▶ What is needed
Take the line containing "Kit Cobre Leito" and every line after it to the end of the records, and copy them exactly, excluding pictures.
━━━ Data excerpts ━━━
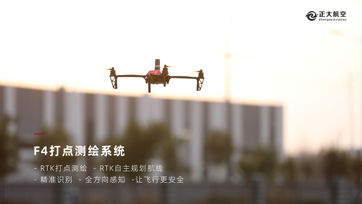 正大航空F4打點測繪無人機:搭載雙頻RTK厘米級定位飛機適合更大的地圖視野可控制飛行器實現(xiàn)智能航點規(guī)劃,自動執(zhí)行,自動跟隨,一鍵回家,大幅提供專業(yè)領域任務的工作效率。
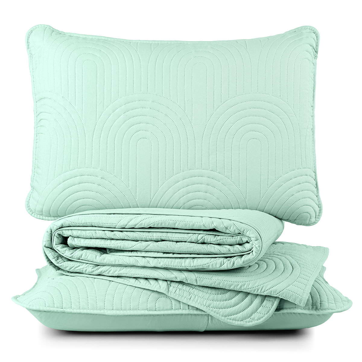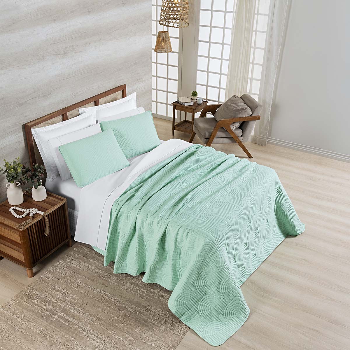 Kit Cobre Leito Colcha Arcos King Dupla Face Matelado 200 Fios 3 Peças Verde
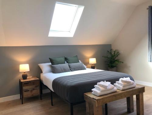 这家度假屋配有2间卧室、起居室、带冰箱和电热水壶的设施齐全的厨房以及2间带淋浴设施和吹风机的浴室。这家度假屋还配备平板电视、休息区、洗衣机以及2间带浴缸的浴室。
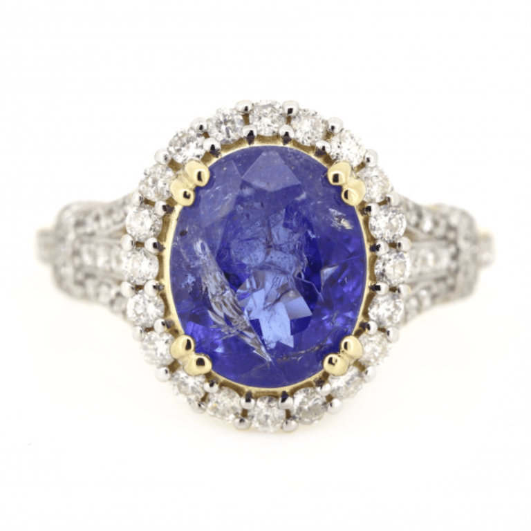 The Centre Features, One Oval Cut, Medium Violetish-Blue, Tanzanite (4.06Ct, Eye Visible Inclusions), Double 4 Claw Set. Surrounding The Centre In A Halo And Decorating The Shoulders Are, 64 Round Brilliant Cut, Diamonds (0.74Ct Tdw, J-K Colour, Si2-I2 Clarity), Micro-Claw/Bead Set In White Gold. Ring Size Q.
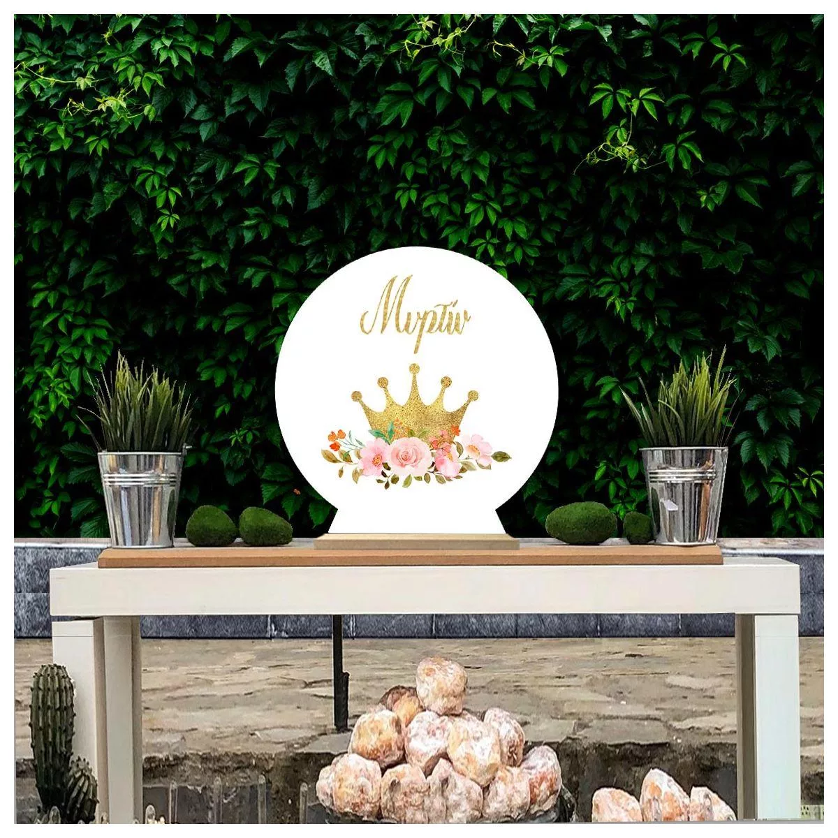 Ξύλινη πινακίδα, Χρυσή κορώνα με τριαντάφυλλα, προσωποποιημένη
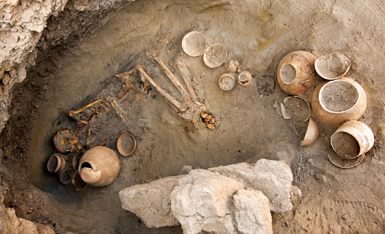 در کنار اجساد، اشیایی مانند ابزار کار، ظروف سفالی، زیورآلات، اسباببازی و مواد غذایی یافت شدند که نشان از باور به زندگی پس از مرگ و وجود ساختار طبقاتی اجتماعی دارد. جهتگیری برخی گورها به سمت خورشید نیز با آیینهای خورشیدمحور مرتبط دانسته شده است.
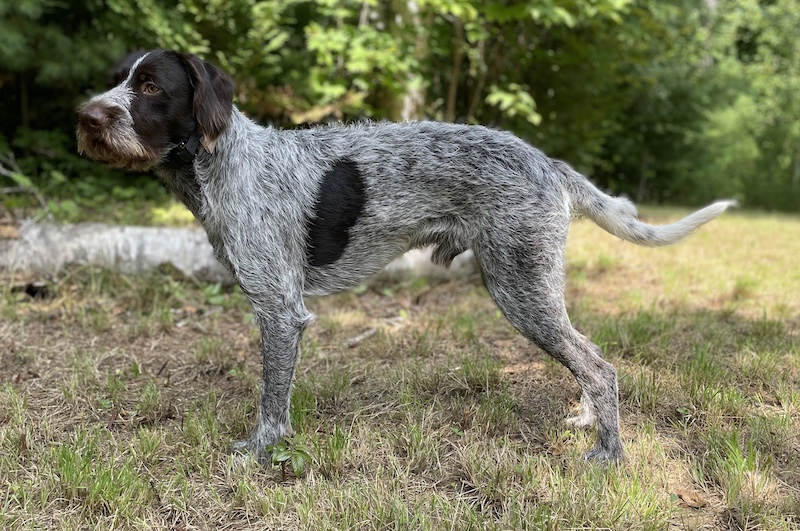 | Oquassa's Aziscohos | CFRB/REG3/993-23; FCPR/RI.P23.049; NAVHDA/CF-000181; UKC/R334-636 | liver ticked roan | conformation 2/ coat 3 | 60 | scissors | narrow lower jaw, complete | Okay |
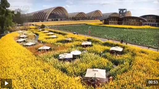 在岷江支流,油菜花海与秧田相间,成为踏青好去处。花田中搭建起多种消费场景,激发消费活力,促进城乡融合,让种植户和周边社区居民受益。
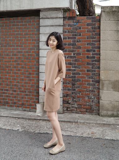 【送料無料】 韓国 ゆるシルエット シンプル 大人カジュアル クロエポケット ワンピース 膝上丈 ラウンドネック 五分袖 ブラック カーキ カジュアル 普段使い シティー デート お出かけ デイリー DR-043KW
━━━
▶ Reply
 Kit Cobre Leito Colcha Arcos King Dupla Face Matelado 200 Fios 3 Peças Verde
 这家度假屋配有2间卧室、起居室、带冰箱和电热水壶的设施齐全的厨房以及2间带淋浴设施和吹风机的浴室。这家度假屋还配备平板电视、休息区、洗衣机以及2间带浴缸的浴室。
 The Centre Features, One Oval Cut, Medium Violetish-Blue, Tanzanite (4.06Ct, Eye Visible Inclusions), Double 4 Claw Set. Surrounding The Centre In A Halo And Decorating The Shoulders Are, 64 Round Brilliant Cut, Diamonds (0.74Ct Tdw, J-K Colour, Si2-I2 Clarity), Micro-Claw/Bead Set In White Gold. Ring Size Q.
 Ξύλινη πινακίδα, Χρυσή κορώνα με τριαντάφυλλα, προσωποποιημένη
 در کنار اجساد، اشیایی مانند ابزار کار، ظروف سفالی، زیورآلات، اسباببازی و مواد غذایی یافت شدند که نشان از باور به زندگی پس از مرگ و وجود ساختار طبقاتی اجتماعی دارد. جهتگیری برخی گورها به سمت خورشید نیز با آیینهای خورشیدمحور مرتبط دانسته شده است.
 | Oquassa's Aziscohos | CFRB/REG3/993-23; FCPR/RI.P23.049; NAVHDA/CF-000181; UKC/R334-636 | liver ticked roan | conformation 2/ coat 3 | 60 | scissors | narrow lower jaw, complete | Okay |
 在岷江支流,油菜花海与秧田相间,成为踏青好去处。花田中搭建起多种消费场景,激发消费活力,促进城乡融合,让种植户和周边社区居民受益。
 【送料無料】 韓国 ゆるシルエット シンプル 大人カジュアル クロエポケット ワンピース 膝上丈 ラウンドネック 五分袖 ブラック カーキ カジュアル 普段使い シティー デート お出かけ デイリー DR-043KW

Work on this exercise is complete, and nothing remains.